Data items:

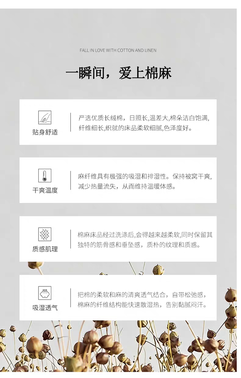 被面材质: 棉麻:棉+亚麻(混纺)
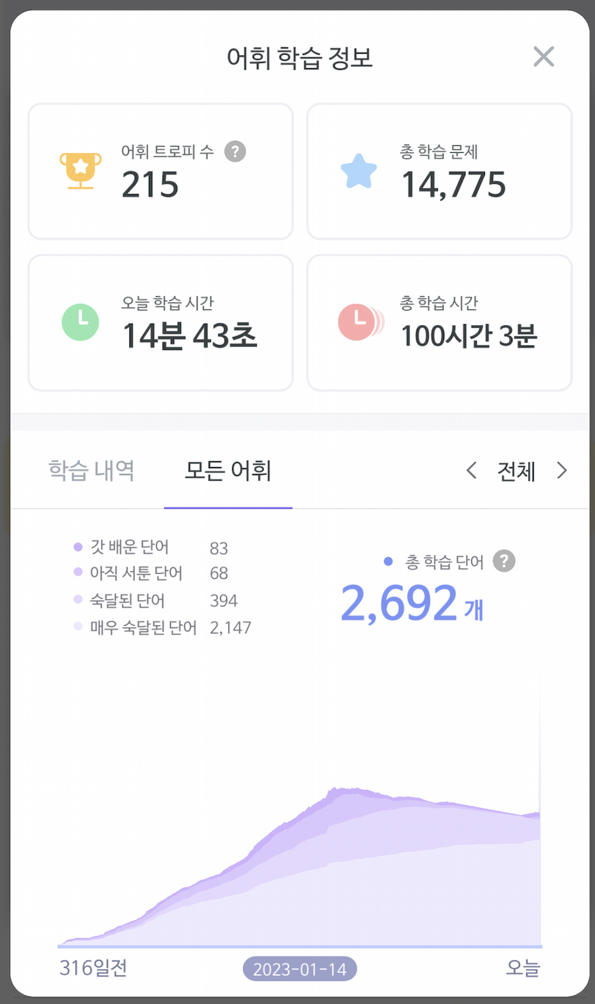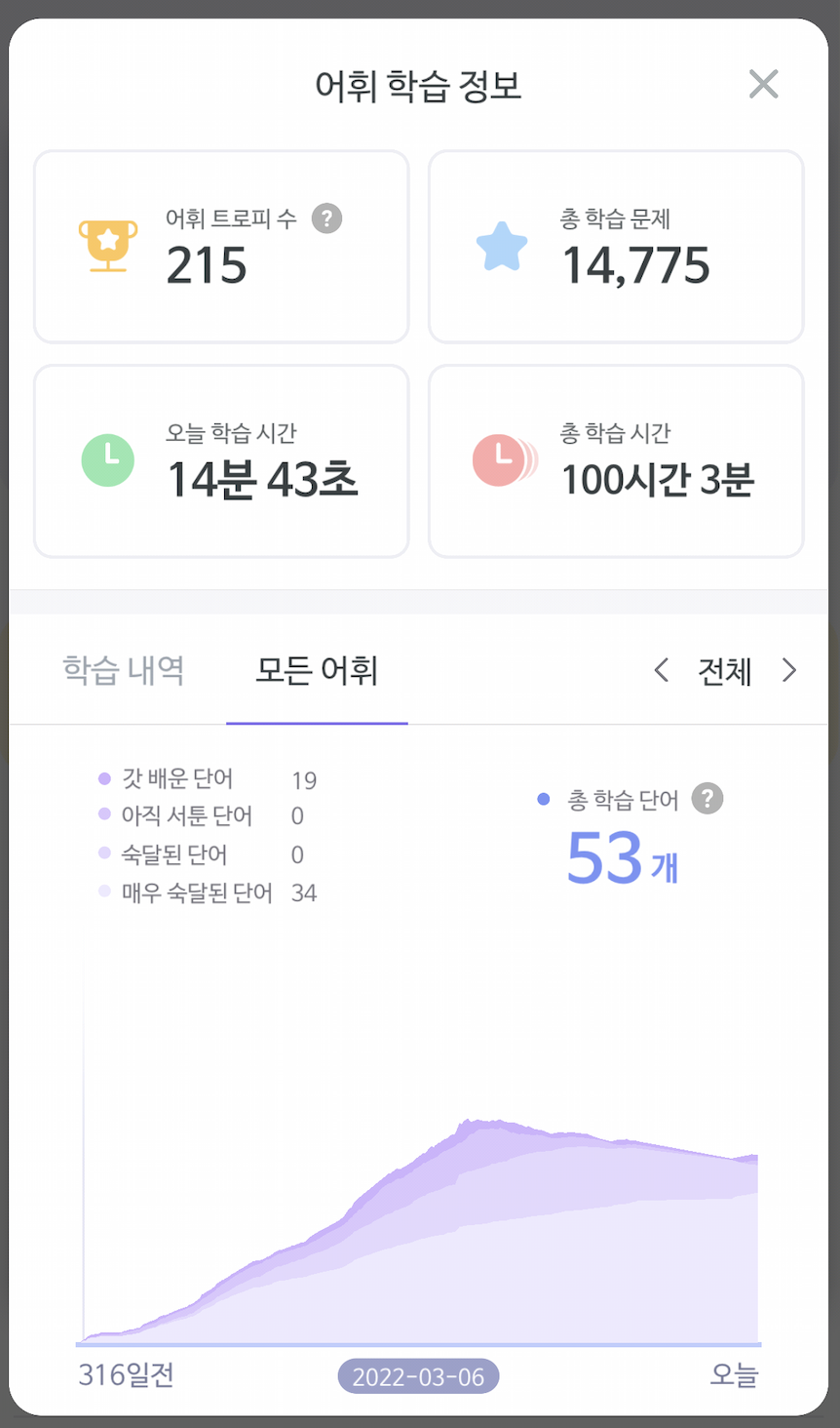 말해보카를 열심히 한 만큼 어휘 학습 정보도 눈에 띄게 많이 올랐다.
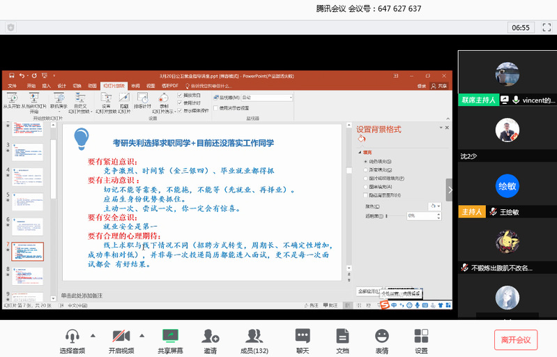 3月20日,公共卫生学院就业指导系列“云”课堂开讲啦!学院团委邀请校就业指导中心占群丽老师为毕业生开展主题为“疫情期间如何求职”的就业指导讲座。学院辅导员赵煜老师及本研毕业生参与学习。
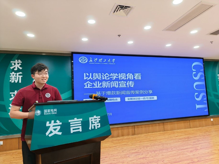 会上,william威廉中文官网带队老师朱杰应邀作题为《以舆论学视角看企业新闻》的专题报告。他结合新媒体传播规律,阐释了“标签化、碎片化、无影灯效应、共情能力、弱传播原理”等特征。“好新闻无需‘宏大叙事’,贵在‘小切口讲故事’。”朱杰以案例论证,强调企业宣传应聚焦群众关切的细微之处,以真情实感引发共鸣,让传播更具温度与穿透力。
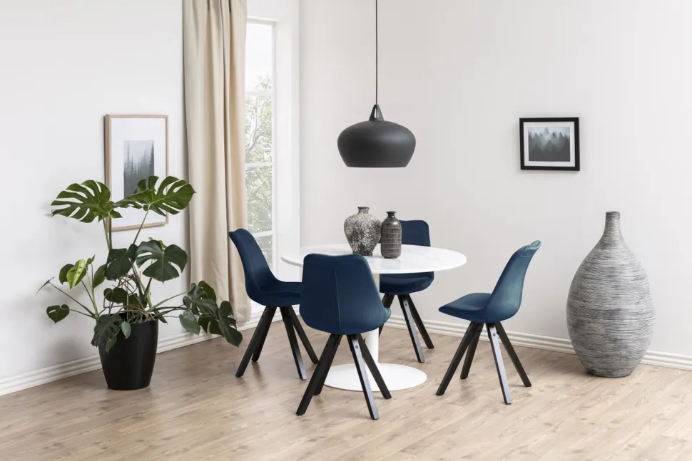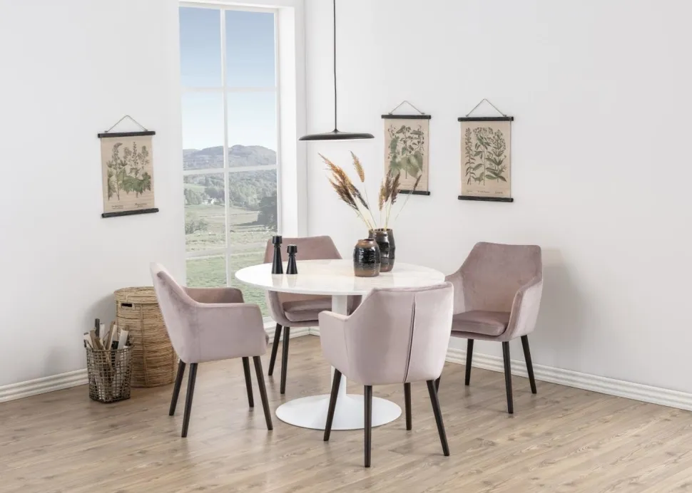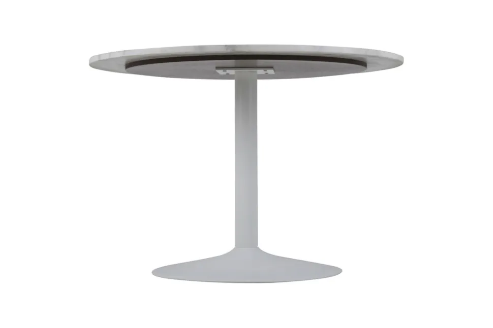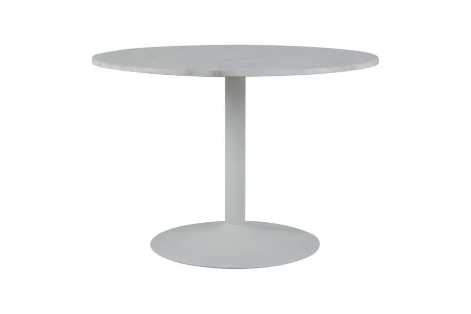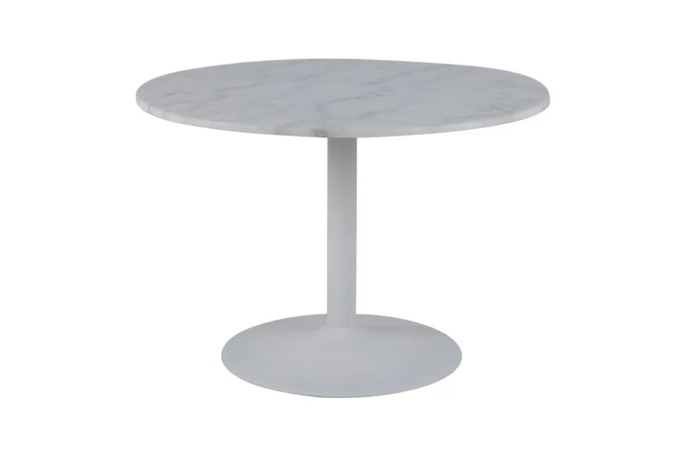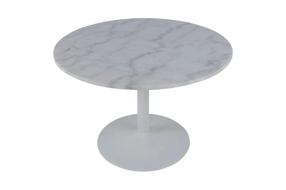 Stół okrągły z marmurowym blatem wykonanym z białego marmuru Guangxi połączony został z metalową matową podstawa w kolorze białym. Niezwykłe połączenie sprawia, że stół jest niezwykle elegancki oraz efektowny. Sprawdzi się zarówno w modernistycznej kuchni, ekstrawaganckim holu hotelu czy eleganckiej restauracji. Styl Glamour w połączeniu z nowoczesnością sprawia, że mebel ten prezentuje się wyjątkowo. Waga: 71,3 kg.

What needs to be done: Exclude the pictures and write out exactly the lines from the one holding "会上,william威廉中文" through the end of the entries, inclusive, and only those.

Exercise response:
 会上,william威廉中文官网带队老师朱杰应邀作题为《以舆论学视角看企业新闻》的专题报告。他结合新媒体传播规律,阐释了“标签化、碎片化、无影灯效应、共情能力、弱传播原理”等特征。“好新闻无需‘宏大叙事’,贵在‘小切口讲故事’。”朱杰以案例论证,强调企业宣传应聚焦群众关切的细微之处,以真情实感引发共鸣,让传播更具温度与穿透力。
 Stół okrągły z marmurowym blatem wykonanym z białego marmuru Guangxi połączony został z metalową matową podstawa w kolorze białym. Niezwykłe połączenie sprawia, że stół jest niezwykle elegancki oraz efektowny. Sprawdzi się zarówno w modernistycznej kuchni, ekstrawaganckim holu hotelu czy eleganckiej restauracji. Styl Glamour w połączeniu z nowoczesnością sprawia, że mebel ten prezentuje się wyjątkowo. Waga: 71,3 kg.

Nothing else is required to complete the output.